> [Work instructions]: Leaving the images aside, transcribe all the data below exactly.
[Source material Boundary: Start]
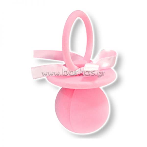 Κουτί κοσμημάτων βελουτέ πιπίλα ροζ και φιογκάκι
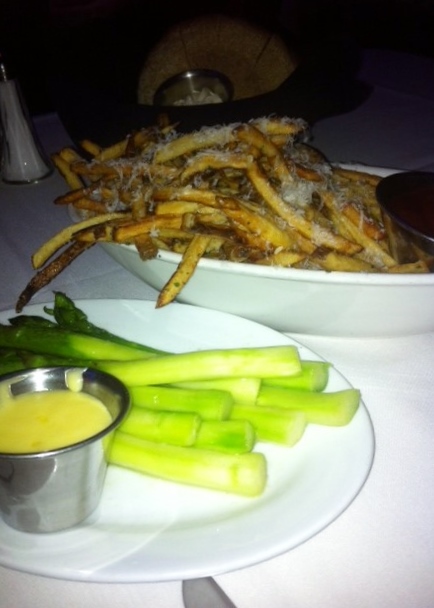…and we shared some steamed asparagus and truffle fries (doing it right for a celebration dinner!).
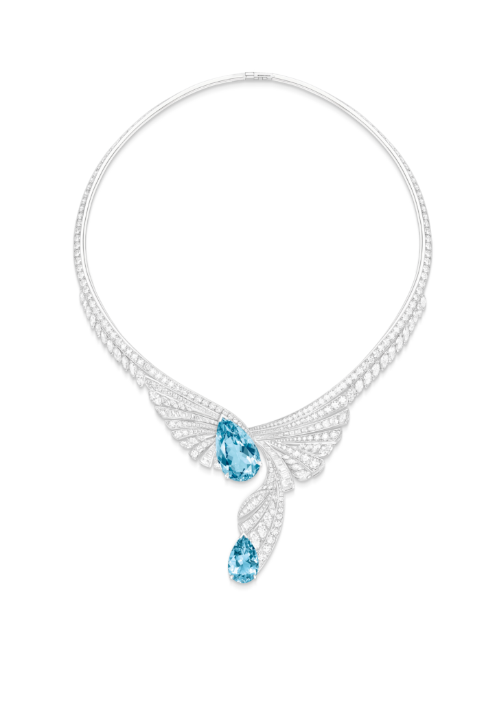 Le collier articulé Exalting Dance est un chef-d’œuvre de fluidité et de confort suprême, orné d’un duo d’aigues-marines bleu intense et d’une volute de diamants. Les boucles d’oreilles en diamants de la parure Exalting Dance sont une alliance d’élégance absolue et d’extravagance, dotées d’un mécanisme exclusif pour un port audacieux ou intemporel.
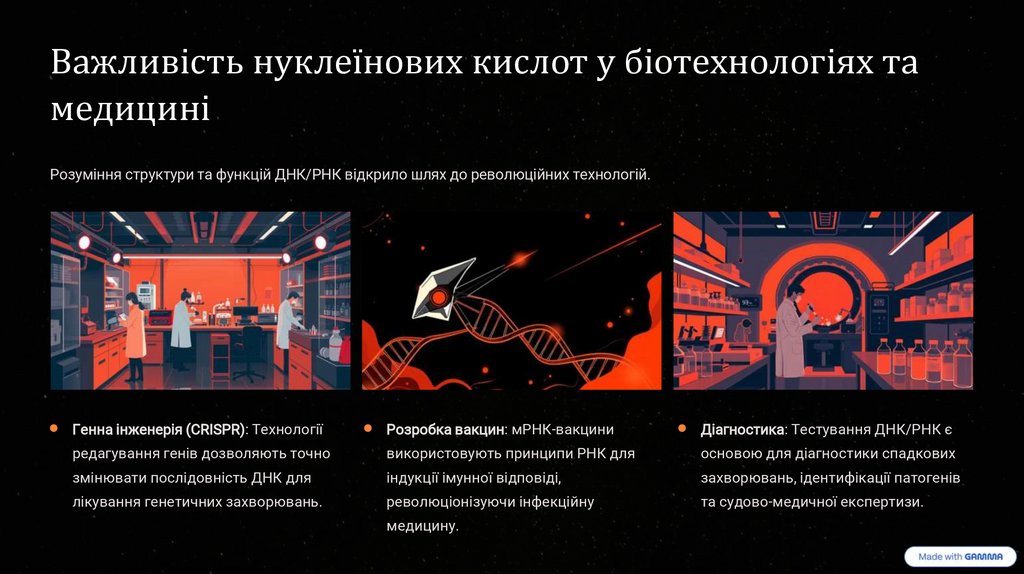 Розуміння структури та функцій ДНК/РНК відкрило шлях до революційних технологій.
[Source material Boundary: End]
> [Answer to the problem]:
 Κουτί κοσμημάτων βελουτέ πιπίλα ροζ και φιογκάκι
…and we shared some steamed asparagus and truffle fries (doing it right for a celebration dinner!).
 Le collier articulé Exalting Dance est un chef-d’œuvre de fluidité et de confort suprême, orné d’un duo d’aigues-marines bleu intense et d’une volute de diamants. Les boucles d’oreilles en diamants de la parure Exalting Dance sont une alliance d’élégance absolue et d’extravagance, dotées d’un mécanisme exclusif pour un port audacieux ou intemporel.
 Розуміння структури та функцій ДНК/РНК відкрило шлях до революційних технологій.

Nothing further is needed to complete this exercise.